We have assignments, but they are not arbitary - We can use step outputs to assign a dictionary mapping of strings to runtime expressions. These expressions can not involve arbitary expressions. They do support JSON-Pointer, but not JSONPath (so we don't get the JSONPath methods). The list of sources is quite decent:
```abnf
expression = ( "$url" / "$method" / "$statusCode" /
"$request." source / "$response." source /
"$inputs." name / "$outputs." name / "$steps." name /
"$workflows." name / "$sourceDescriptions." name)
parameter-name = name ; Reuses 'name' rule for parameter names
source = ( header-reference / query-reference / path-reference / body-reference )
header-reference = "header." token
query-reference = "query." name
path-reference = "path." name
body-reference = "body" ["#" json-pointer ]
json-pointer = *( "/" reference-token )
```
So we can pluck out specific elements via JSON Pointers from the request or response body. We can also get a specific output or input value. An output value can refer to itself as well.
But there is no direct way for an output to be set to an operation result.
## Final Thoughts
Still WIP, but the easy way out is to use criterion to set (and as a corollary) not set specific outputs.

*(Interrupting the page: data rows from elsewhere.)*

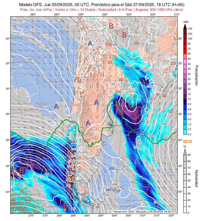 Presentan las Isobaras de la Carta de Superficie (con isobaras trazadas cada 2 hPa),  la Carta de Espesores 500/1000 hPa, algunos vientos ploteados, áreas de Lluvias y de Nubosidad previstas.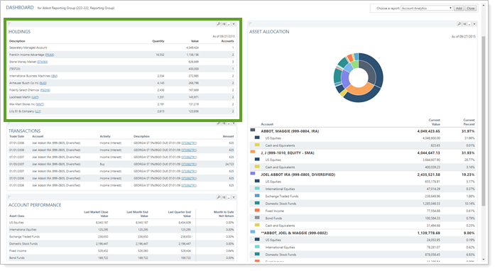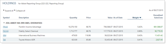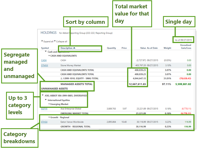 In the Holdings report, you will find detailed data reporting options that let you answer many holdings-related questions about accounts and groups, such as: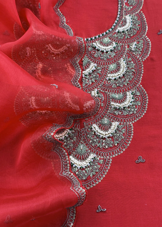 Burnt Red Varanasi Silk Kurta and Kora Silk dupatta with Dabka Dori Hand work with Woven details

The perfect solution would be an arbitarily large implementation of Rule 110 that is only bound by memory. Some imperfect solutions seem easily within reach:
1. A small 5 block Rule 110 implementation seems doable by just hardcoding each pair-wise operation.

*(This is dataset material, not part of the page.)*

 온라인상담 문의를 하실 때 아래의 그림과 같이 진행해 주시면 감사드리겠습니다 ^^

2. There's some possibilities of chaining up workflows as well, by defining a separate workflow for each "computation". So you get N workflows to build a N-block implementation.
3. If none of these work out, generating a really large workflow is still polynomial time, and considered okay. So given N, we can statically generate a really large Arazzo Workflow that unrolls everything on compile time. This is technically not cheating, but not in the spirit of what we want to achieve.
Given enough time, I would also like to try similar investigations in the CI/CD Space against:
1. GitHub Actions/Tekton/Jenkins Workflow Syntax
2. Ansible YAML Templating
3. Helm Templating
## Aside
I mentioned in my talk that "trying to use something for unintended purposes" is a great way of learning it. That's very much the case here - I've found half a dozen corrections or clarifications in the spec, as a lot of what I'm trying to do searches for unintended behaviour.